§ **ABOUT THIS TASK**
Pictures should be left out when the listing below is repeated word for word.

§ **INFORMATION SUPPLIED**
◇ ◇ ◇

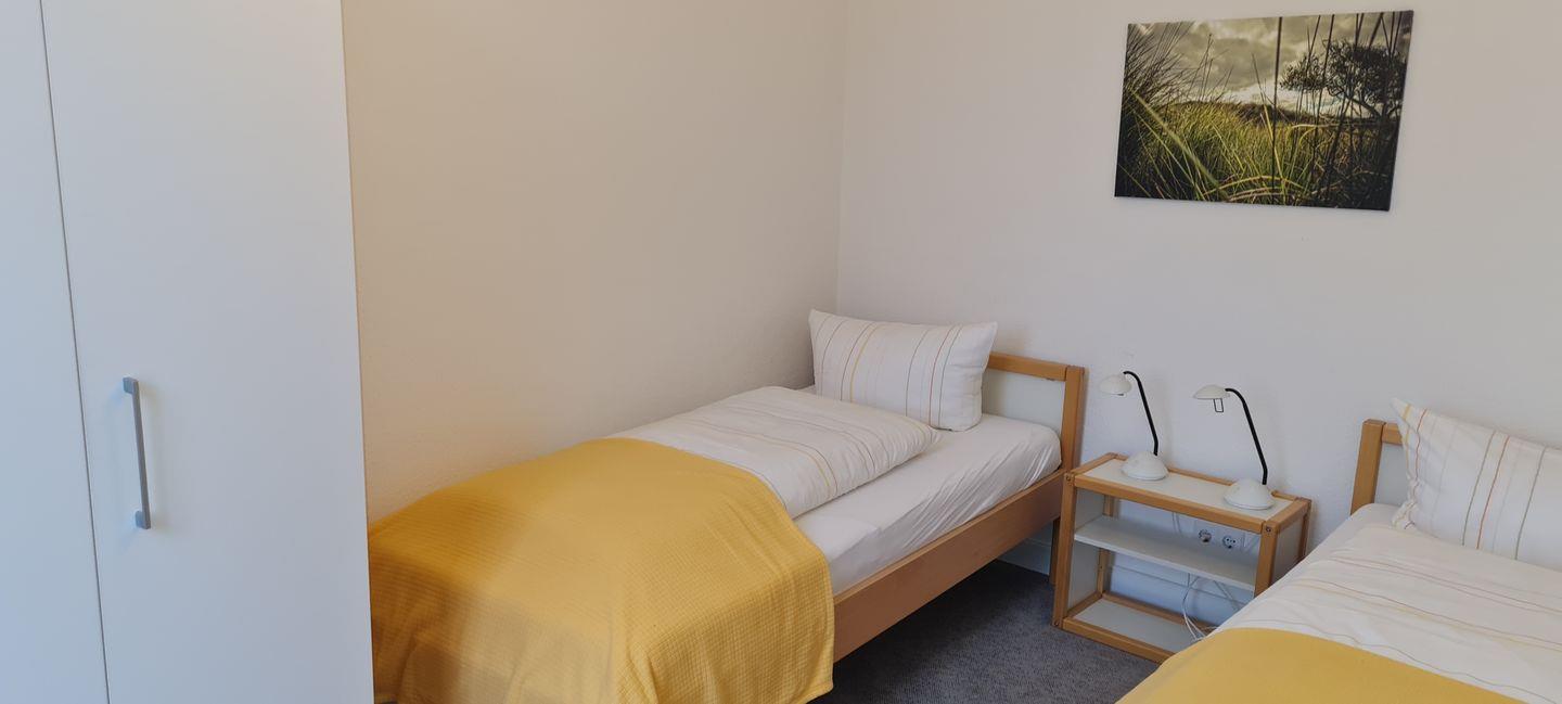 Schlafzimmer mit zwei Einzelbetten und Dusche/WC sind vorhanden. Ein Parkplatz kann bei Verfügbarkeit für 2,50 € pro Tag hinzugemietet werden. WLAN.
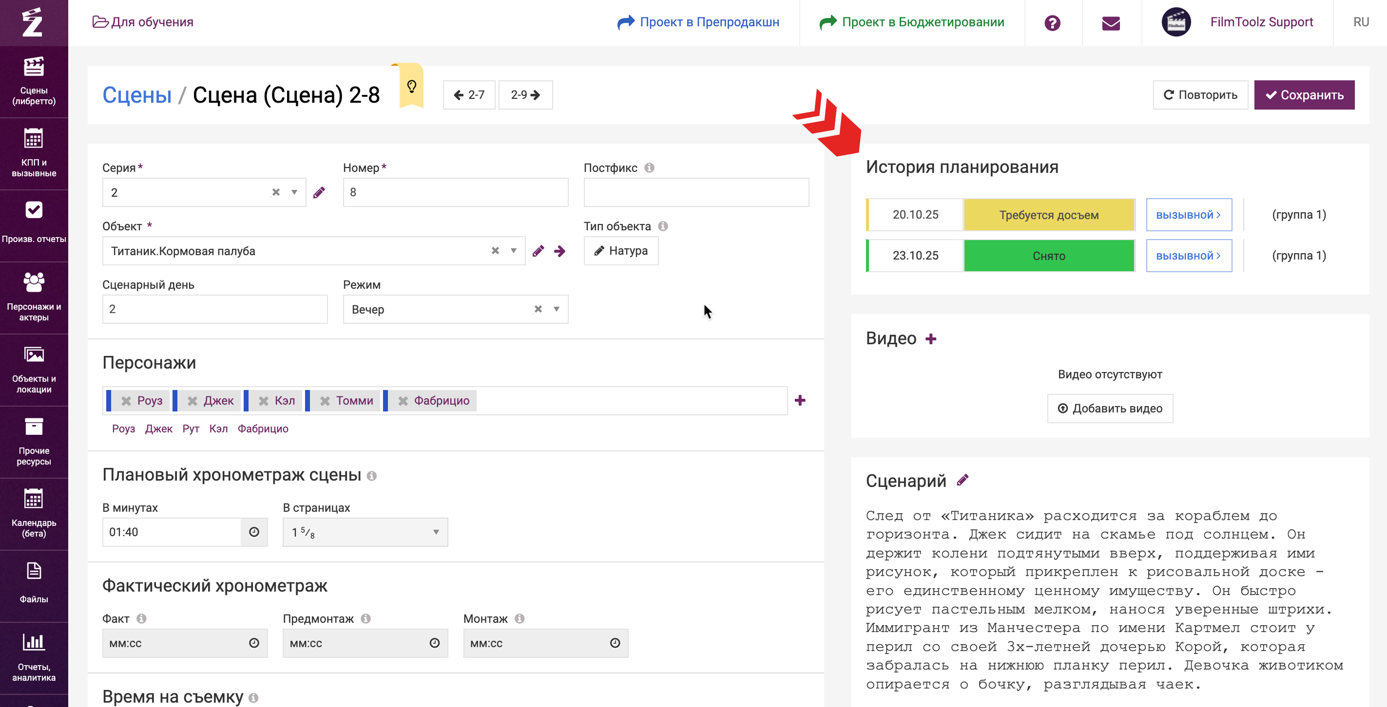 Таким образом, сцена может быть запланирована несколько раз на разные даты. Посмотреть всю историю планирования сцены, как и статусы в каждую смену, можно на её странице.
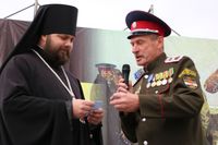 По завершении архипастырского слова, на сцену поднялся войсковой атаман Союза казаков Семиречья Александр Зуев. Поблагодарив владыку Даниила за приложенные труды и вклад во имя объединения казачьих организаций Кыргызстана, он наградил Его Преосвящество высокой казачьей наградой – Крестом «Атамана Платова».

◇ ◇ ◇

§ **TASK ANSWER**
 Schlafzimmer mit zwei Einzelbetten und Dusche/WC sind vorhanden. Ein Parkplatz kann bei Verfügbarkeit für 2,50 € pro Tag hinzugemietet werden. WLAN.
 Таким образом, сцена может быть запланирована несколько раз на разные даты. Посмотреть всю историю планирования сцены, как и статусы в каждую смену, можно на её странице.
 По завершении архипастырского слова, на сцену поднялся войсковой атаман Союза казаков Семиречья Александр Зуев. Поблагодарив владыку Даниила за приложенные труды и вклад во имя объединения казачьих организаций Кыргызстана, он наградил Его Преосвящество высокой казачьей наградой – Крестом «Атамана Платова».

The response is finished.